How not to join tables in LightSpeed

We’ve had a couple of customers recently asking about writing joins using LightSpeed query expressions.

Not so fast!

A lot of the time when the SQL part of your brain is thinking “I need to write a join here,” what you’re actually doing is traversing an association. And in a lot of cases, LightSpeed can take care of that for you.

Suppose that you want to filter on a property of an associated entity. For example, you want to get all the Comments where the Contribution on which the comment occurs was posted by a particular User. In pseudo-SQL, that would be something like SELECT * FROM Comment WHERE Comment.Contribution.UserId = n.
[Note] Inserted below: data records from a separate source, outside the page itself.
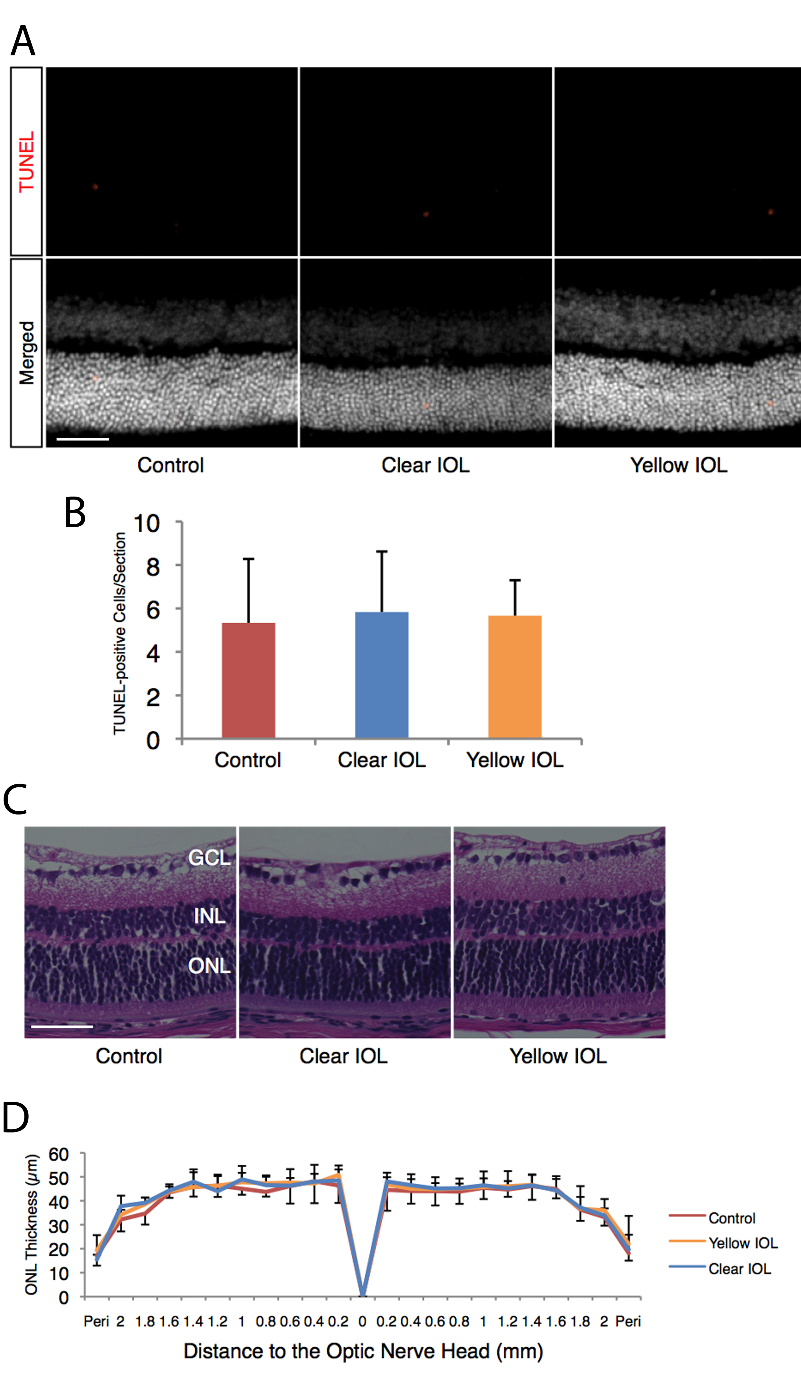 sensory retina in murine IOL-implanted eyes and control eyes without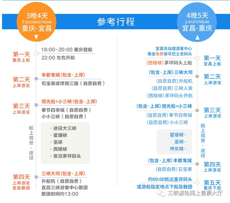 下水重庆到宜昌的行程一般只有4天,由于游船是顺水行舟,所以行驶速度较快,平均时速在28-30公里/小时。时间短,行程较为紧凑。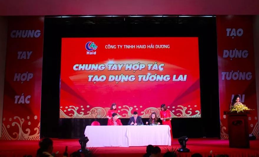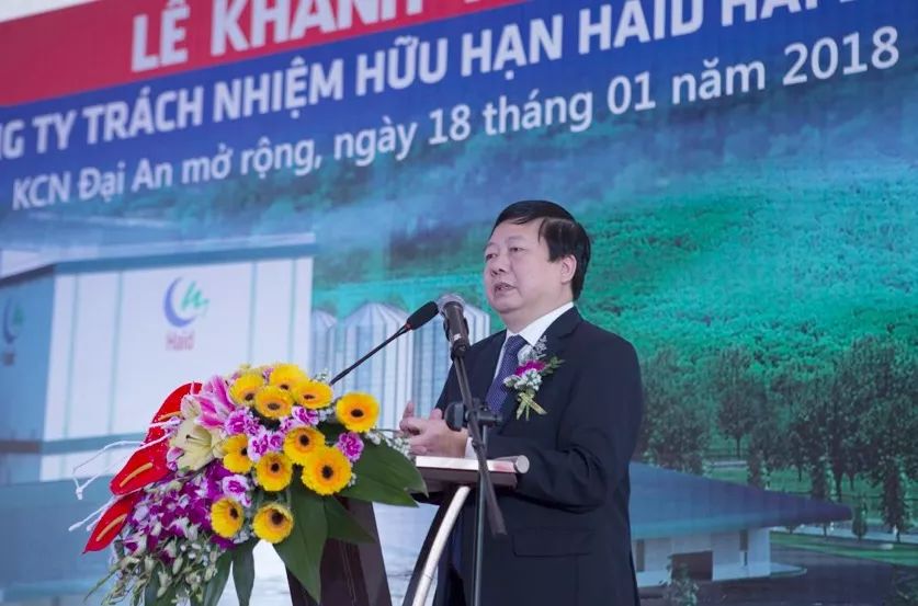 上午10:08,海阳省人民委员会主席阮阳泰登台郑重宣布:海阳海大有限责任公司开业庆典开幕!并代表省委,省政府向海大集团选择在越南海阳投资表示欢迎,对海阳海大公司快速建成投产表示热烈祝贺,同时承诺,海阳省各政府职能部门将为海阳海大有限责任公司的建设、生产、经营提供良好的发展环境。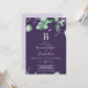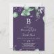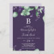 Esta rústica invitación a una boda en monograma morado de lavanda es perfecta para un boda al aire libre sencillo y elegante. El diseño floral incluye hojas de eucaliptos acuáticas y vegetación con brotes de flores violetas sobre un fondo de ciruela morada. Personalice la tarjeta con su último monograma inicial.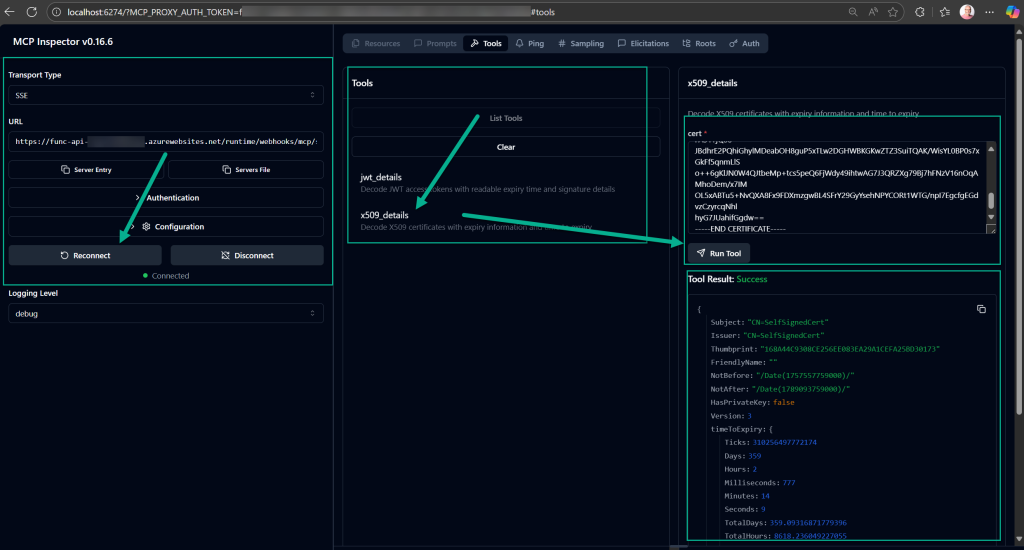 Select SSE and provide the URL with the key https://<functionapp>.azurewebsites.net/runtime/webhooks/mcp/sse?code=<yourMCPKey> then Connect. You will then be able to list the tools exposed via the MCP Server and provide input and run a tool. In the example above I’ve provided a self-signed certificate in pem format for the X509Details PowerShell Module cmdlet which returns the self-signed cert details including time to expiry.

Of course that isn’t legal SQL, and if you wanted to write the query in real SQL you’d use a join to bring the Contribution table into the query.

But in LightSpeed you don’t have to do that. You can use a dotted path just like a C# or VB property access:

var comments = uow.Find<Comment>(Entity.Attribute("Contribution.UserId") == userId);

It even works for collections too. When you dotted-path through a collection, LightSpeed rewrites this as a query that will pass if any member of the collection matches. Here’s a query that gets all Users who have posted a Contribution with a rating of 4 or higher:

var users = uow.Find<User>(Entity.Attribute("Contributions.Rating") >= 4);

Of course there are some cases where you need to reach for an explicit join, but if all you want is to query on a property of an associated entity, don’t touch that dial — just use LightSpeed association syntax and let us take the strain.

Tagged as LightSpeed

11 Responses to “How not to join tables in LightSpeed”

  • Dear Mindscape: Could you please produce a LightSpeed music video with Ivan rapping and wearing hammer pants. Thanks.

  • But no dancing, right?

  • *shiver* magic strings… This is one of those scenarios where I prefer NHibernate.

  • I don’t think they’re particularly magical — just as in a query on a non-associated property, you write the C# expression for accessing that property, except now the expression happens to include dots because you’re traversing another object.

    Okay, the collection string is *slightly* magical, in that SomeCollection.SomePropertyOfTheIndividualEntitiesInThatCollection isn’t legal in C#. But it allows you to get the job done in a way which is easy to read and convenient to write. I think the small amount of magic involved is an acceptable tradeoff.

    Or were you meaning that you dislike the general concept of having the ORM generate SQL in a way that doesn’t map one-to-one onto the query as written, and you prefer to direct it explicitly so you know exactly what is going on? That’s a fair attitude: there is a tradeoff between explicitness and convenience and different people value them in different measures!

  • I just mean that it’s not strongly typed. If the property name changed on contributions then you’re not going to pick up the error that your query is broken.

    NHibernate would achieve the same thing doing something like:

    Contribution contribution = null;
    var result = session.QueryOver()
    .JoinAlias(x => x.Contributions, () => contribution, JoinType.InnerJoin)
    .Where(() => contribution.Rating > 4)
    .List();

  • Oh, fair enough. That’s because query objects were designed to work with .NET 2.0 and 3.0, before expression trees arrived. For strong typing you would usually just use LINQ.

    Also, even for query objects, you can use the generated field name constants to get errors if the names change e.g. Entity.Attribute(Comment.SubjectField) == “frist!!!”.

    Maybe one of these days I’ll also write a little helper library that allows you to write query expressions using strong-typed lambdas as per your NH example. That could make a nice little demo of working with expression trees. But since people using .NET 3.5 or above would typically turn first to LINQ, I’m not sure how useful it would be in practice.

  • I personally don’t like LINQ, it gets too complicated too easily. Lambda’s are much easier to read.

    So is it possible with LS to eager load without the string value? Every time I see examples it’s always with strings.

  • Heh, maybe I’ll make that helper library after all then!

    Named aggregates names are always strings. However if you use the designer it does generate constants for all the aggregate names in your project: if you use those constants, you will get a compiler error if one of the names changes. What this won’t catch is if there are multiple associations in the same aggregate and you forget to change the name on one of them.

  • Ivan: There will be dancing – http://www.youtube.com/watch?v=otCpCn0l4Wo#t=55s

  • I dislike the Named aggregates if you have got some more of them, it gets easly confusing and unmaintainable.

    Teleriks OpenAccess has a nice feature called “FetchPlans” especially the “fetchStrategy” looks good (strongly typed).

    http://www.telerik.com/help/openaccess-orm/dev-guide-crud-fetch-plans-per-query.html

  • I wonder if OpenAccess is slower then Entity Framework. I would assume it is based on teleriks control libraries.